• _What this task involves_: State how many lines in the records below include the word "from". Give nothing but that number.

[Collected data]
────────────────────────────────────────

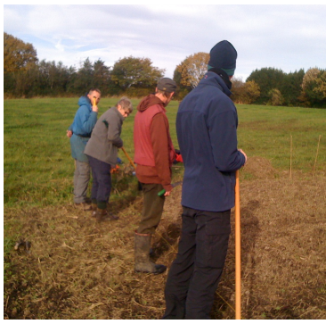
Planting Onions: Nov 2010. There'll be more work days in the spring.
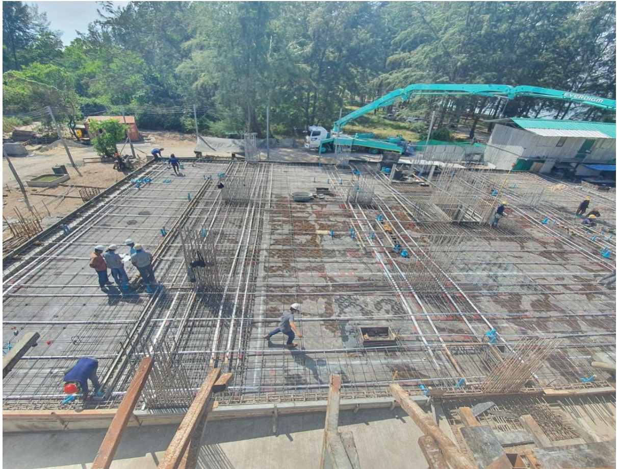
Slab pouring Building 8 G Floor
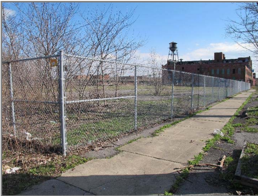
Looking back from the fence corner.
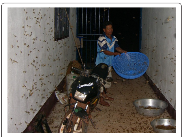
Figure 5 Catching emerged termites for eating. Termite species was unknown.

The volume of 53 mounds, including mounds that had been cut, was measured individually 3 times from March to November (Table 3). The average volume increase was -0.077 m<sup>3</sup> from March to July and 0.002 m<sup>3</sup> from July to November. The negative growth in the former period may have been caused by the cutting out of
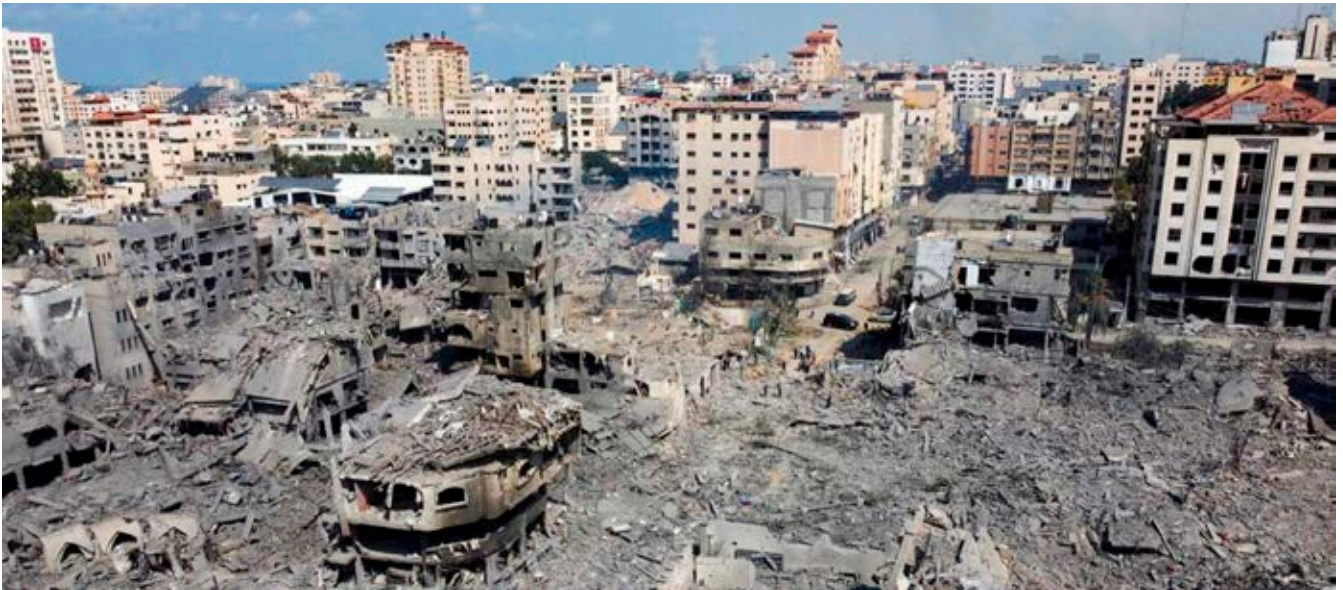
Tens of thousands of homes have been destroyed across Gaza, and the bombing continues

In the following statement, the Congress of South African Trade Unions pledges its unwavering solidarity with the Palestinian people in their quest for justice, peace and for the end of violence
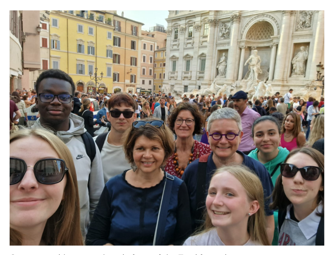
Our group with our teachers in front of the Trevi fountain
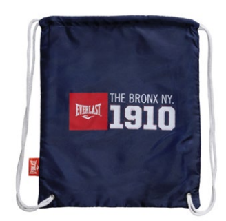
REF: EV2SKB33 COLOR: Navy
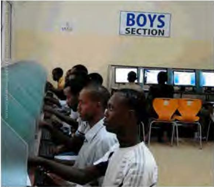
The USAID-funded Garissa Youth Project in Kenya created a Career Resource Center at the local library in order to provide a safe space for youth where they can find up-to-date career information and obtain basic IT skills. (Original Caption)

purpose, funding, and USAID/Kenya's characterization of the program, neither EDC nor USAID/Kenya acknowledges G-Youth's counter-extremism objectives when interacting with local populations. 471

────────────────────────────────────────

• _Answer to this task_: 2